A North Carolina Reader Exposes a Georgia Rat
06/23/2007
A+
|
a-
Print Friendly and PDF

NOTE: PLEASE say if you DON'T want your name and/or email address published when sending VDARE email.

06/22/07 - A Tennessee Reader Wants A New Question Added To Immigration Polls

From: [Name Withheld]

I guess it finally had to happen.  The longer this acrimonious, maneuver laden, and treacherous Senate/Bush immigration reform initiative has played out, the more behind the scene ooze has made its way into public view. That which was considered virtually impossible by those pundits on the immigration/border control side of this debate happened in the New York Times editorial titled: "Home Depot Amendment". 

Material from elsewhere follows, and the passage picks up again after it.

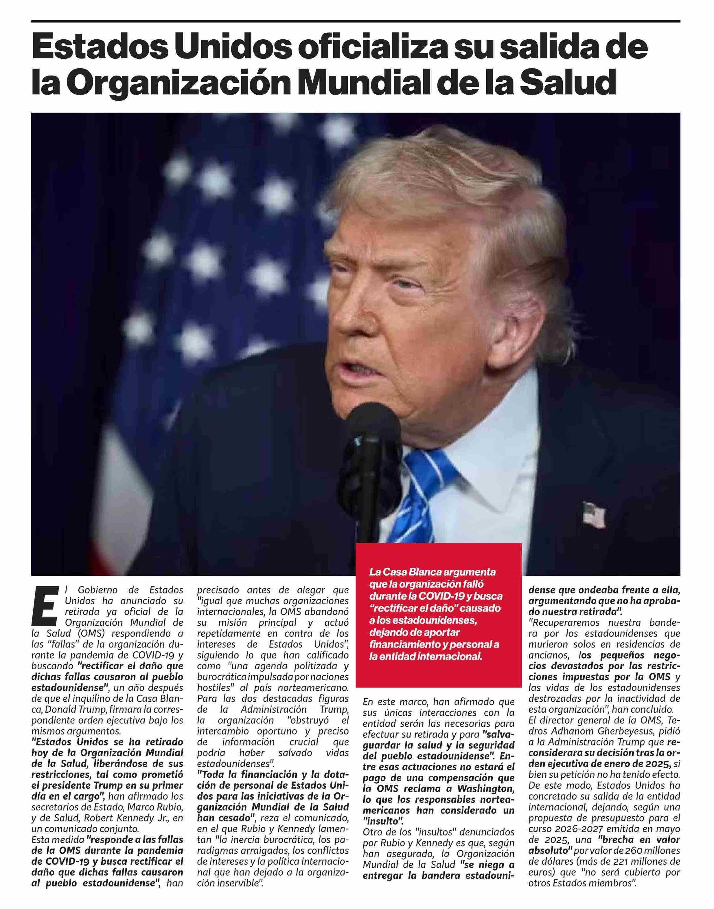 Estados Unidos oficializa su salida de la Organización Mundial de la Salud
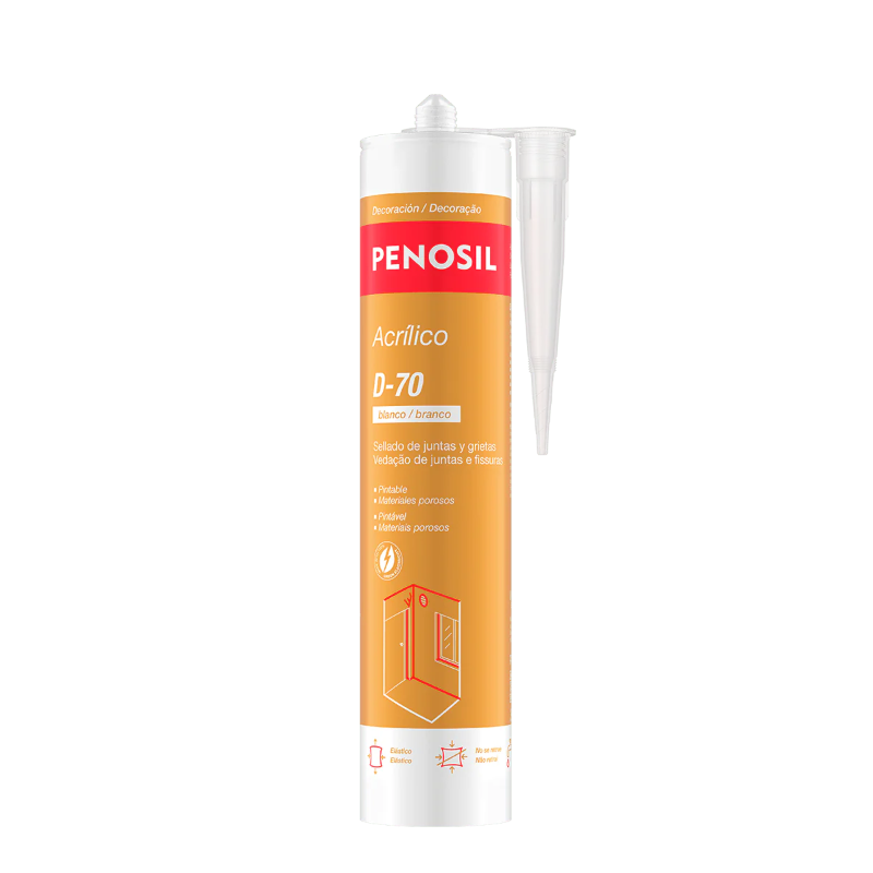 - Aplicar o mástique acrílico na junta, pressionando o gatilho da pistola e movendo a cânula continuamente ao longo da junta.

To what improbable event do I refer? The water heads at the Times actually got it about right (albeit inadvertently) when they laid out the sordid details on Georgia Senator Johnny Isakson's latest flip-flop on S.1639

The gist of it is that on Wednesday Isakson withdrew his support for S.1639, ostensibly because he thought it did too little on Mexican border security. The real cause of Isakson's change of heart however was because his constituent phone banks were fried to a crisp from irate and vitriolic calls from true Georgians. 

By Thursday, however, Isakson offered a reversal on his Wednesday constituent induced panic attack and renewed his support for S.1639 conditioned on his private designer amendment being attached to the bill. And his harlot colleagues satisfied him.

According to the Times:

The amendment would prohibit state and local laws that required big home-improvement stores to provide rudimentary shelter for day laborers. There aren't any such laws yet, but the City Council in Los Angeles, where Home Depot wants to open 13 stores, is considering one. Mr. Isakson's pre-emptive strike would be an extraordinary intrusion of federal power into a local land-use matter….

Now he wants the Senate to minutely tweak the grand bargain to allow his friends at Home Depot—he country's second-largest retailer, and a campaign contributor—to save some pocket change and to shuck off responsibility for the unruliness in its parking lots to its customers and neighbors.

The Times is correct in calling Isakson's amendment "squalid" So is everything else about S.1639 and the individuals behind it.